• **Exercise aim**
Without including any pictures, write out the data below exactly.

• **Recorded information**
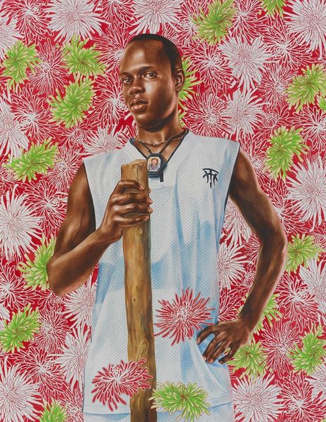 Editor: So, this is Kehinde Wiley's "John Churchill Duke of Marlborough" from 2012, it’s an acrylic on canvas. What I find striking is how Wiley combines a classic portrait style with that vibrant, almost overwhelming, patterned background. What do you see in this piece? Curator: Wiley, in this dazzling remix of art history, uses portraiture as a powerful tool to disrupt conventional power structures. The "Duke of Marlborough" initially evokes a tradition of European aristocratic portraiture. However, by placing a contemporary Black man at the center and surrounding him with an African wax print pattern, Wiley reclaims and redefines notions of power and representation. Editor: So it's about challenging who gets to be seen, who is worthy of being memorialized in this grand, historical style? Curator: Precisely. He's questioning the historical absence and marginalization of Black figures within Western art. Furthermore, think about the symbolism inherent in the African fabric—it speaks to identity, diaspora, and the complexities of cultural hybridity. It encourages viewers to confront the racial and social politics embedded within art history. Editor: I see the wax print pattern sort of enveloping him, as if asserting his presence in this space. It really makes you rethink those old portraits in museums. Curator: Absolutely, Wiley invites us to consider how identity, race, and power intersect and how art can serve as a vehicle for social commentary. The work prompts questions of visibility, agency, and historical narrative, doesn't it? Editor: Definitely! I never thought about portraiture as such a loaded genre before. Thanks for making me look at it with new eyes! Curator: My pleasure. It's in these dialogues that art reveals its power to challenge and transform our understanding of the world.
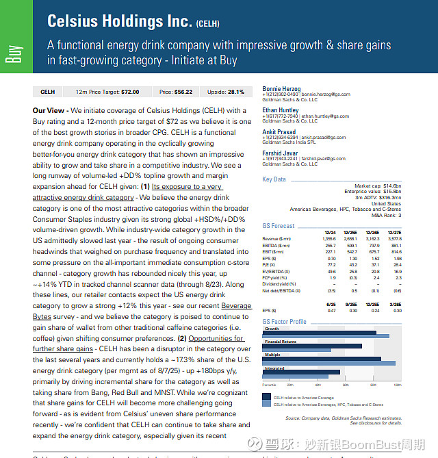 高盛:投资者们普遍认为CELH应继续在快速增长的能量饮料品类中抢占份额,尽管Alani Nu增长的可持续性/持久性是最大的关注焦点。我们与大多数投资者交谈时,他们在很大程度上同意我们对CELH的看涨观点(即几乎没有反对意见),这主要得益于品类趋势的改善、可能的份额增长以及对Alani Nu的收购。此外,投资者们同意管理层正在采取正确的步骤来改善和优化其产品组合,包括针对Celsius品牌的某些有针对性的修剪,因为可用口味的广度较大。在其他方面,我们也对Celsius即将推出的限时产品(LTO)感到非常鼓舞,我们相信这将推动试用并产生嗡嗡效应——从而帮助在CELH的各种品牌和口味之间创造光环效应。事实上,我们最近从行业联系人那里了解到,新的Celsius LTO将是“Spritz Vibe”——这可能相当成功,因为它模仿了受欢迎的Aperol Spritz的口味轮廓,并很可能在NACS上亮相。尽管如此,大多数投资者的辩论都集中在CELH维持强劲增长的能力上,特别是Alani Nu。虽然我们理解这种怀疑,尤其考虑到其他几个品牌在强劲表现期后失去了相当大的份额(例如Bang),但我们仍然乐观地认为,PEP强大的分销网络将有助于推动Alani Nu品牌的显著分销增长,正如PEP的网络自2022年以来帮助推动Celsius品牌的强劲增长/分销一样。此外,我们相信Alani Nu(及Celsius)可以帮助吸引增量消费者进入该品类,特别是随着该品牌的分销扩展。除了在美国可能的份额增长(基于我们的估计)之外,我们还相信CELH可以继续增长其国际业务占比,目前约为合并销售额的3.4%(截至2025年第二季度),相比之下MNST在美国以外的敞口为40%。此外,我们预计CELH的毛利率应逐渐继续受益于采购、生产和货运机会的规模效率,随着CELH的轨道模型的推进。最终,我们对CELH继续抢占增量份额的能力保持信心,因为他们继续扩展能量饮料品类,这得益于令人印象深刻的创新、进一步的分销/货架空间增长、核心消费者消费更多,以及进一步的品牌/品类转变。因此,我们重申我们的买入评级和72美元的目标价。
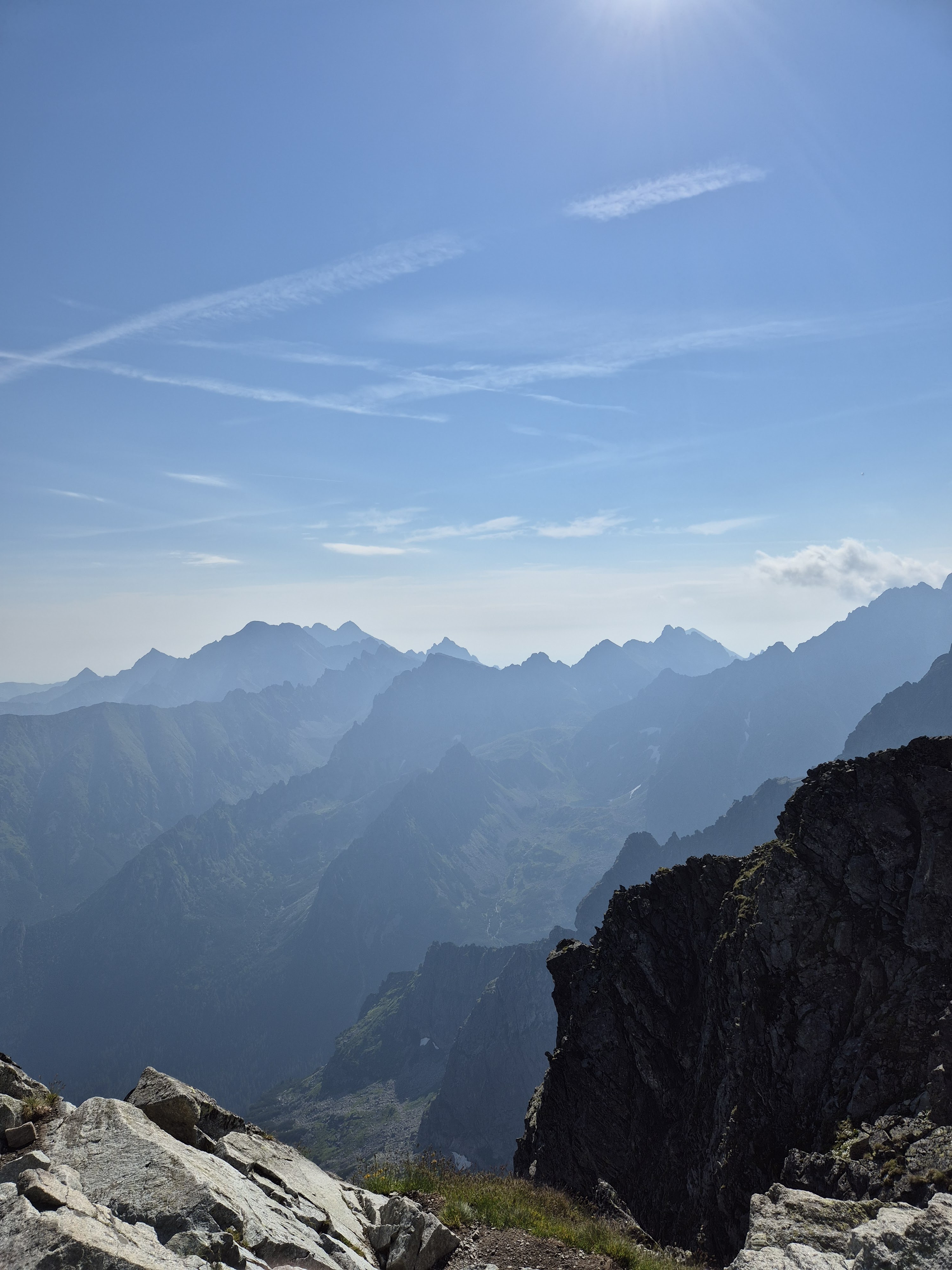 Siena pēc sienas stāvāka, paspēju pat rāpot, izmantoju visas savas zināšanas no bolderinga nodarbībām, sāku jau domāt, ka šis nebūtu ieteicams kāpiens nedz otrajā, nedz trešajā reizē. Un te esmu saniedzis kādu virsotnīti, kur kāds polis ar izmisumu balsī joko par helikopteriem. Šī gan ir tikai virsotne pirms īstās virsotnes, lai tiktu uz pašu Rysi ir jāšķērso šaura kore ar ļoti stāvu nogāzi, kur nesanāk neredzēt, kas notiek lejā, un vēl pie tam reizē abās pusēs. Zobus sakodis eju un esmu jau gandrīz galā/virsotnē. Mazliet jāpaložņā un viss! Skats pāri visam, diezgan burtiski, cilvēki priecājas un bildējas. Atrodu gana stabilu vietu, kur piesēst un beidzot apskatu, kas man apkārt paveras.

• **Solution below**
 Editor: So, this is Kehinde Wiley's "John Churchill Duke of Marlborough" from 2012, it’s an acrylic on canvas. What I find striking is how Wiley combines a classic portrait style with that vibrant, almost overwhelming, patterned background. What do you see in this piece? Curator: Wiley, in this dazzling remix of art history, uses portraiture as a powerful tool to disrupt conventional power structures. The "Duke of Marlborough" initially evokes a tradition of European aristocratic portraiture. However, by placing a contemporary Black man at the center and surrounding him with an African wax print pattern, Wiley reclaims and redefines notions of power and representation. Editor: So it's about challenging who gets to be seen, who is worthy of being memorialized in this grand, historical style? Curator: Precisely. He's questioning the historical absence and marginalization of Black figures within Western art. Furthermore, think about the symbolism inherent in the African fabric—it speaks to identity, diaspora, and the complexities of cultural hybridity. It encourages viewers to confront the racial and social politics embedded within art history. Editor: I see the wax print pattern sort of enveloping him, as if asserting his presence in this space. It really makes you rethink those old portraits in museums. Curator: Absolutely, Wiley invites us to consider how identity, race, and power intersect and how art can serve as a vehicle for social commentary. The work prompts questions of visibility, agency, and historical narrative, doesn't it? Editor: Definitely! I never thought about portraiture as such a loaded genre before. Thanks for making me look at it with new eyes! Curator: My pleasure. It's in these dialogues that art reveals its power to challenge and transform our understanding of the world.
 高盛:投资者们普遍认为CELH应继续在快速增长的能量饮料品类中抢占份额,尽管Alani Nu增长的可持续性/持久性是最大的关注焦点。我们与大多数投资者交谈时,他们在很大程度上同意我们对CELH的看涨观点(即几乎没有反对意见),这主要得益于品类趋势的改善、可能的份额增长以及对Alani Nu的收购。此外,投资者们同意管理层正在采取正确的步骤来改善和优化其产品组合,包括针对Celsius品牌的某些有针对性的修剪,因为可用口味的广度较大。在其他方面,我们也对Celsius即将推出的限时产品(LTO)感到非常鼓舞,我们相信这将推动试用并产生嗡嗡效应——从而帮助在CELH的各种品牌和口味之间创造光环效应。事实上,我们最近从行业联系人那里了解到,新的Celsius LTO将是“Spritz Vibe”——这可能相当成功,因为它模仿了受欢迎的Aperol Spritz的口味轮廓,并很可能在NACS上亮相。尽管如此,大多数投资者的辩论都集中在CELH维持强劲增长的能力上,特别是Alani Nu。虽然我们理解这种怀疑,尤其考虑到其他几个品牌在强劲表现期后失去了相当大的份额(例如Bang),但我们仍然乐观地认为,PEP强大的分销网络将有助于推动Alani Nu品牌的显著分销增长,正如PEP的网络自2022年以来帮助推动Celsius品牌的强劲增长/分销一样。此外,我们相信Alani Nu(及Celsius)可以帮助吸引增量消费者进入该品类,特别是随着该品牌的分销扩展。除了在美国可能的份额增长(基于我们的估计)之外,我们还相信CELH可以继续增长其国际业务占比,目前约为合并销售额的3.4%(截至2025年第二季度),相比之下MNST在美国以外的敞口为40%。此外,我们预计CELH的毛利率应逐渐继续受益于采购、生产和货运机会的规模效率,随着CELH的轨道模型的推进。最终,我们对CELH继续抢占增量份额的能力保持信心,因为他们继续扩展能量饮料品类,这得益于令人印象深刻的创新、进一步的分销/货架空间增长、核心消费者消费更多,以及进一步的品牌/品类转变。因此,我们重申我们的买入评级和72美元的目标价。
 Siena pēc sienas stāvāka, paspēju pat rāpot, izmantoju visas savas zināšanas no bolderinga nodarbībām, sāku jau domāt, ka šis nebūtu ieteicams kāpiens nedz otrajā, nedz trešajā reizē. Un te esmu saniedzis kādu virsotnīti, kur kāds polis ar izmisumu balsī joko par helikopteriem. Šī gan ir tikai virsotne pirms īstās virsotnes, lai tiktu uz pašu Rysi ir jāšķērso šaura kore ar ļoti stāvu nogāzi, kur nesanāk neredzēt, kas notiek lejā, un vēl pie tam reizē abās pusēs. Zobus sakodis eju un esmu jau gandrīz galā/virsotnē. Mazliet jāpaložņā un viss! Skats pāri visam, diezgan burtiski, cilvēki priecājas un bildējas. Atrodu gana stabilu vietu, kur piesēst un beidzot apskatu, kas man apkārt paveras.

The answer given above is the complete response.